● Work request: Reprint all records below exactly. No images.

[Entries taken from a collection]

*** Begin section ***

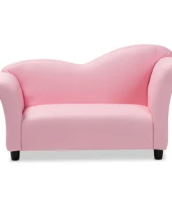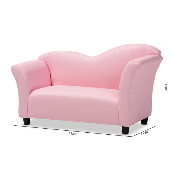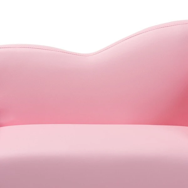 Personalize your little one's space with the comfortable and stylish Felice loveseat. Constructed from wood for durability, the Felice Loveseat is upholstered in pink faux leather for luxe appeal. High-density foam padding and armrests ensure a high level of comfort during those Disney movie marathons. The curvy back and flared arms add stylish flair to your little one’s space. This loveseat is sure to become your little one’s favorite spot as they read books, watch TV, and relax with friends. The Felice loveseat requires leg assembly.
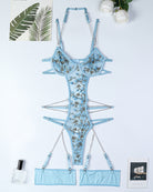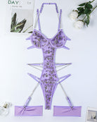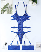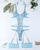 - Designmerkmale der Bodysuit-Dessous: Diese Spitzenunterwäsche verfügt über eine zarte Muschelkante am Körbchenrand, die halb durchsichtig ist, einen Neckholder, einen Akzent aus Satinschleife und einen eng anliegenden Taillenteil, der Ihre Kurven betont.
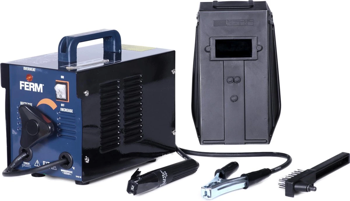 De WEM1042 is een compact 230V lasapparaat van FERM met een maximale lasstroom van 100 Ampère. Het lasapparaat is voorzien van ventilatorkoeling en thermische overhittingsbeveiliging met controlelamp, zodat het geen probleem is hem zwaar en langdurig te gebruiken.
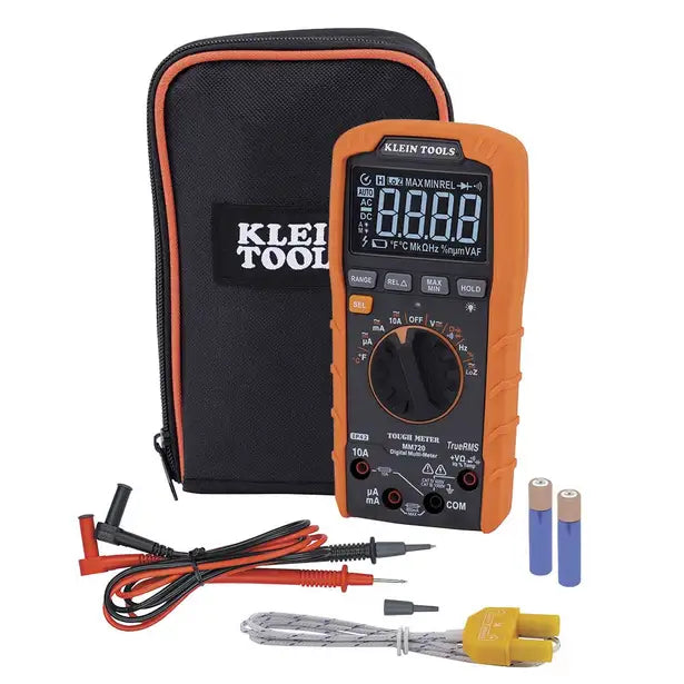Klein Tools MM720 Multimeter is an automatically ranging true root mean squared (TRMS) digital multimeter that measures AC/DC voltage, AC/DC current, and resistance. It can also measure temperature, capacitance, frequency, duty-cycle, diodes and continuity. It features a high visibility, reverse contrast LCD display with an optical sensor to automatically optimize viewability in dark or bright ambient lighting.
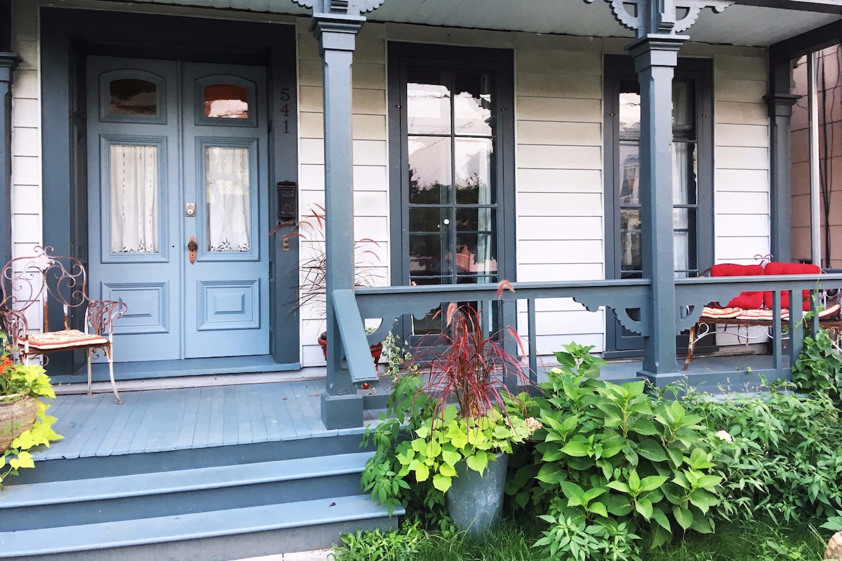 Oasis in midst of downtown Hudson, 2 blocks fr Warren St, short walk fr Amtrak, 1/2 block fr Empire State Trail. Spacious, sunny studio apartment w fenced in yard, park-like setting & private porch to relax, have a meal or watch the world go by. Inside this elegant 1850 home, you’ll find bedroom, living room and work areas, full kitchen w dining table, and a large bathroom w clawfoot tub and a walk in shower. Original architectural details have also been preserved with care. Come, and enjoy!

*** End section ***

● Response box:
 Personalize your little one's space with the comfortable and stylish Felice loveseat. Constructed from wood for durability, the Felice Loveseat is upholstered in pink faux leather for luxe appeal. High-density foam padding and armrests ensure a high level of comfort during those Disney movie marathons. The curvy back and flared arms add stylish flair to your little one’s space. This loveseat is sure to become your little one’s favorite spot as they read books, watch TV, and relax with friends. The Felice loveseat requires leg assembly.
 - Designmerkmale der Bodysuit-Dessous: Diese Spitzenunterwäsche verfügt über eine zarte Muschelkante am Körbchenrand, die halb durchsichtig ist, einen Neckholder, einen Akzent aus Satinschleife und einen eng anliegenden Taillenteil, der Ihre Kurven betont.
 De WEM1042 is een compact 230V lasapparaat van FERM met een maximale lasstroom van 100 Ampère. Het lasapparaat is voorzien van ventilatorkoeling en thermische overhittingsbeveiliging met controlelamp, zodat het geen probleem is hem zwaar en langdurig te gebruiken.
Klein Tools MM720 Multimeter is an automatically ranging true root mean squared (TRMS) digital multimeter that measures AC/DC voltage, AC/DC current, and resistance. It can also measure temperature, capacitance, frequency, duty-cycle, diodes and continuity. It features a high visibility, reverse contrast LCD display with an optical sensor to automatically optimize viewability in dark or bright ambient lighting.
 Oasis in midst of downtown Hudson, 2 blocks fr Warren St, short walk fr Amtrak, 1/2 block fr Empire State Trail. Spacious, sunny studio apartment w fenced in yard, park-like setting & private porch to relax, have a meal or watch the world go by. Inside this elegant 1850 home, you’ll find bedroom, living room and work areas, full kitchen w dining table, and a large bathroom w clawfoot tub and a walk in shower. Original architectural details have also been preserved with care. Come, and enjoy!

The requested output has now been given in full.